Tighter Graduation Standards Set
North Carolina, Virginia, and Georgia have joined the growing number of states engaged in tightening academic standards and graduation requirements for high-school students to encourage them to take more advanced courses in English, mathematics, science, and foreign languages.
And other states continue to announce their intention to raise the standards for admission to their public colleges and universities.
Course Units Increased
The North Carolina Board of Education this month approved a proposal to increase from 18 to 20 the number of course units required for high-school graduation. The board also discussed launching a North Carolina Scholars program that would recognize high-school students who successfully complete a well-balanced and rigorous academic program.
"The feeling is that we do not need to let our students in their senior year take the path of least resistance and not be challenged by taking a full [course] load," said Jerry T. Beaver, deputy assistant state superintendent for instruction services.
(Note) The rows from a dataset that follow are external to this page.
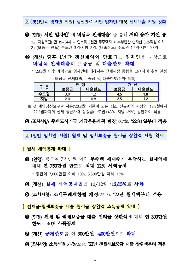 - 향후 1년간 갱신계약이 만료되는 임차인을 대상으로 버팀목 전세대출의 보증금 및 대출 한도 확대
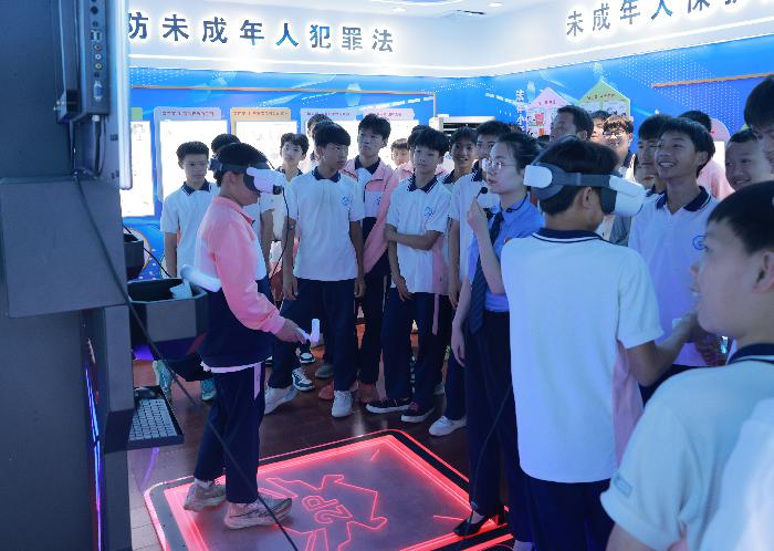在教育基地内,同学们通过体验VR虚拟现实技术模拟的防性侵、防欺凌、校园放火等特定场景,在虚拟环境中学习到如何运用法律武器保护自己,提升未成年人的自护技能。
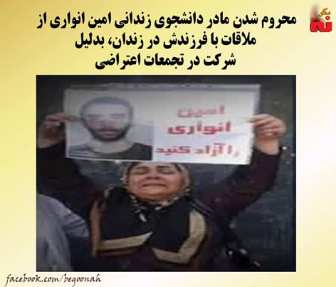 محروم شدن مادر زندانی سیاسی امین انواری ازملاقات با فرزندش در زندان، بدلیل شرکت در تجمعات اعتراضی
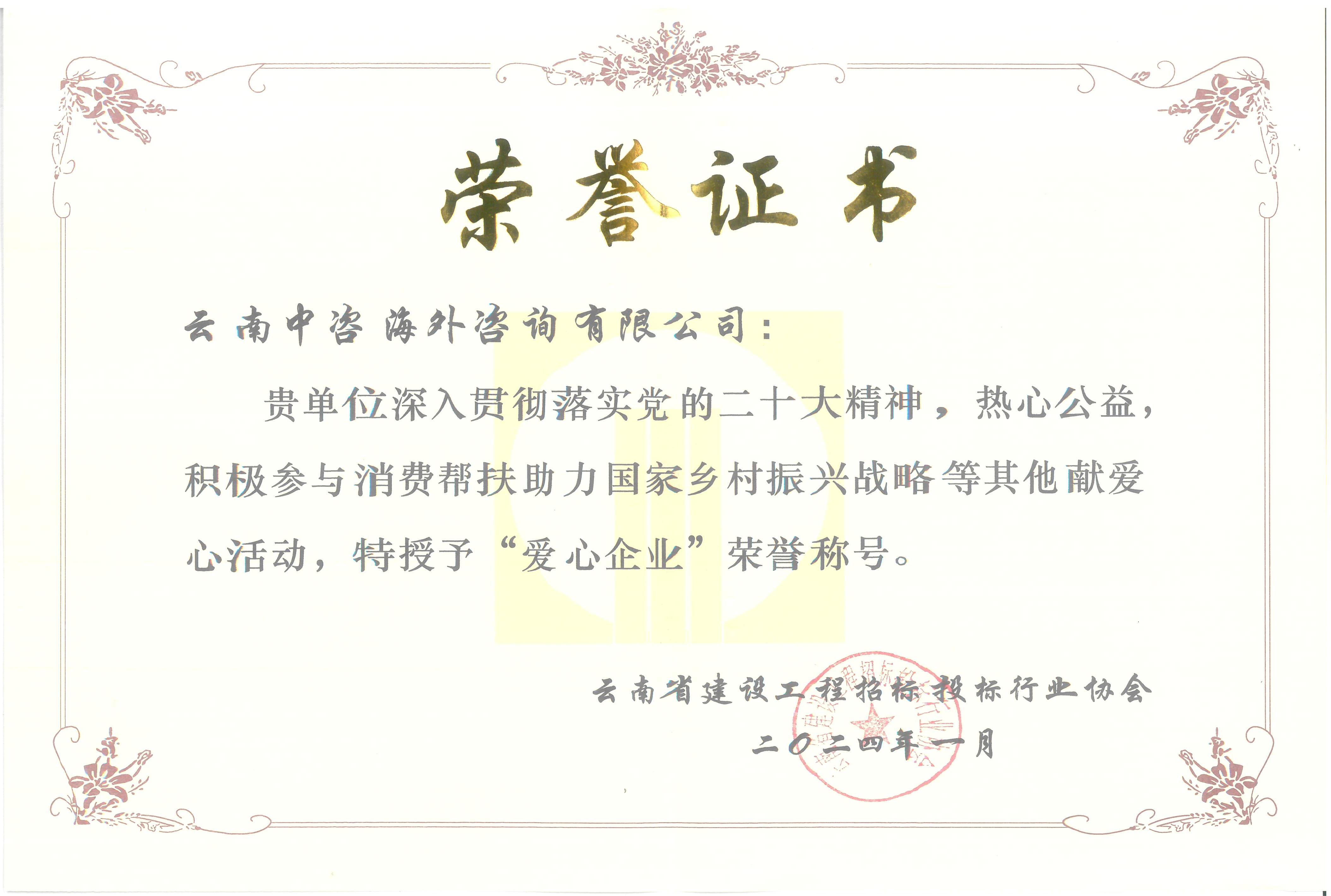 云南中咨海外咨詢有限公司成立于 2002 年,是云南省第一批成立的專業(yè)咨詢服務機構,也是本土招標代理行業(yè)率先獲得“科技型中小企業(yè)”稱號的公司。先后獲得了住建部頒發(fā)的《工程招標代理機構甲級資質證書》、財政部頒發(fā)的《中華人民共和國政府采購代理機構甲級資格證書》、發(fā)改委頒發(fā)的《中華人民共和國中央投資項目招標代理機構乙級資格證書》、商務部頒發(fā)的《機電產(chǎn)品國際招標代理機構》資格。在工程造價領域,獲得了住建部頒發(fā)的《工程造價咨詢企業(yè)甲級資質證書》。公司是“中國招標投標協(xié)會”會員單位、“云南省建設工程招標投標行業(yè)協(xié)會”副會長單位、“云南省招標投標協(xié)會”副會長單位、“云南省水利工程行業(yè)協(xié)會”會員單位、“云南省建設工程造價協(xié)會”會員單位。
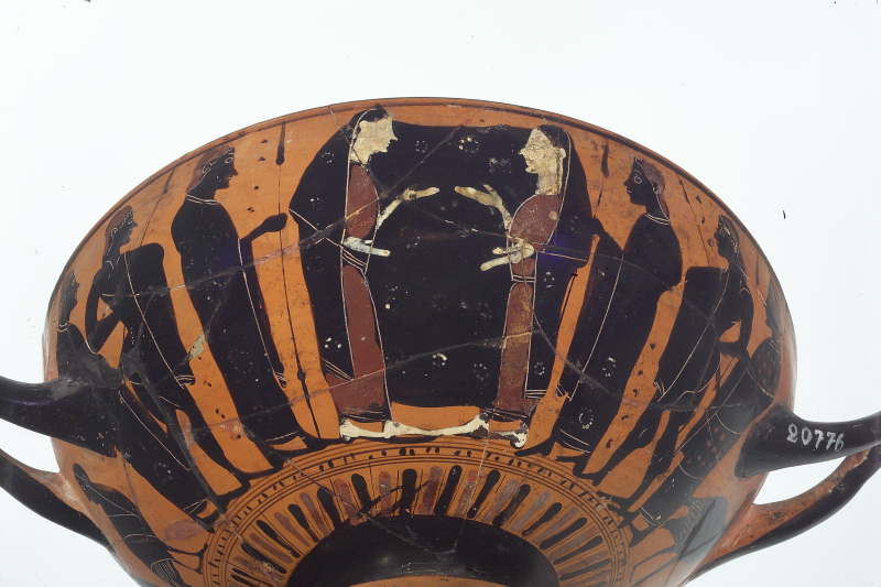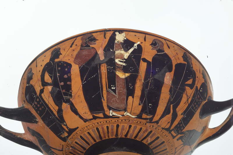 kylix a figure nere con personaggi ammantati che partecipano ad un rito

The Virginia Board of Education is considering raising high-school course requirements from 18 to 20; requiring students to remain in school the entire academic day; and offering a special diploma to students who complete a college-pre-paratory curriculum--a move that vocational-education groups in the state say is "elitist."
The recommendations were devised by a 17-member committee on public-school accreditation.
The Georgia Board of Regents and Department of Education are working together on a recommendation to local school boards that would encourage public schools to place more emphasis on mathematics, science, and foreign-language courses.
In Florida, Commissioner of Education Ralph D. Turlington announced this month that unless a federal court finds that school districts do not teach the subject matter tested by the State Student Assessment Test (ssat-ii), the test will be a requirement for graduation beginning this May.
Mr. Turlington said students would be well advised to take the test seriously.
He asked the help of school administrators in stressing the strong possibility that the test will go into effect this spring.
The law requiring the test was passed by the 1976 Florida legislature and was scheduled to go into effect in 1979, but court procedures have caused delays.
Standards and Procedures
The new standards and procedures being proposed in the Southern states reflect "what has been taking place for the past five years or so,'' says Lew Armistead, director of public information at the National Association of Secondary School Principals (nassp).
"States are responding to a general cry for excellence from colleges, parents, businesses, government, local communities, and even the kids themselves," according to Mr. Armistead.
Twenty-seven states have announced, or are in the process of formulating, more stringent admissions requirements, according to a nassp survey. (See Education Week, Nov. 24, 1982.)
Among the most recent proposals:
The Kentucky Council of Higher Education approved a set of precollegiate curriculum requirements. The new standards require students to complete a 20-unit course of study that includes four units of English; three units of mathematics; two units of science in biology, chemistry, or physics; one unit of U.S. history; and a course in world civilization. The new requirements will go into effect in the fall of 1987.
High-school students in Massachusetts would have to take a minimum number of college-preparatory courses and would be screened by their scores on the Scholastic Aptitude Test under a proposal being developed by the state board of regents.
The proposal recommends that students take a minimum of 16 units, including four units of English; three units of mathematics; and two units of natural science, social science, and a foreign language.